Edge of Stochastic Stability: Revisiting the Edge of Stability for SGD
Arseniy Andreyev, Pierfrancesco Beneventano
TL;DR
The paper addresses why mini-batch SGD traverses neural loss landscapes in a regime that differs from the full-batch Edge of Stability (EoS). It introduces Batch Sharpness as the directionally aware mini-batch curvature that saturates near $2/\eta$, defining Edge of Stochastic Stability (EoSS) and proving that when Batch Sharpness exceeds $(2+\epsilon)/\eta$ on the quadratic approximation, SGD experiences a catapult, i.e., divergence on that local model. Empirically across vision tasks with MSE, Batch Sharpness progressively sharpens and then stabilizes at $2/\eta$ regardless of batch size, while $\lambda_{\max}$ plateaus at a lower level, depending on history and batch size; this accounts for smaller-batch advantages in attaining flatter minima. The work further argues that classical optimization and SDE-based models fail to capture EoSS because they discard mini-batch geometry and higher-order curvature statistics, emphasizing the need to model batch-dependent Hessians and their alignments.

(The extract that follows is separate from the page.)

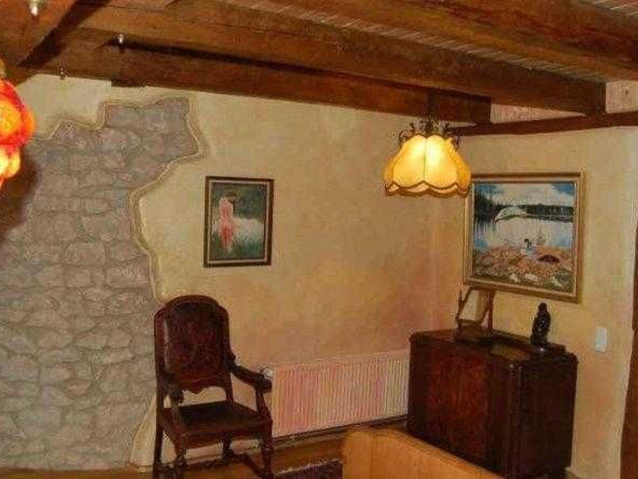 bietet als Grundausstattung eine Musikanlage, TV-Flachbild, Stühle, Tische und Kaminofen.

Overall, EoSS unifies observed phenomena (catapults, progressive sharpening, batch-size effects) under a stability criterion driven by mini-batch geometry, with significant implications for optimization theory and the modeling of SGD trajectories.
Abstract
Recent findings by Cohen et al., 2021, demonstrate that when training neural networks using full-batch gradient descent with a step size of $η$, the largest eigenvalue $λ_{\max}$ of the full-batch Hessian consistently stabilizes around $2/η$. These results have significant implications for convergence and generalization. This, however, is not the case for mini-batch optimization algorithms, limiting the broader applicabilityof the consequences of these findings. We show mini-batch Stochastic Gradient Descent (SGD) trains in a different regime we term Edge of Stochastic Stability (EoSS). In this regime, what stabilizes at $2/η$ is Batch Sharpness: the expected directional curvature of mini-batch Hessians along their corresponding stochastic gradients. As a consequence $λ_{\max}$ -- which is generally smaller than Batch Sharpness -- is suppressed, aligning with the long-standing empirical observation that smaller batches and larger step sizes favor flatter minima. We further discuss implications for mathematical modeling of SGD trajectories.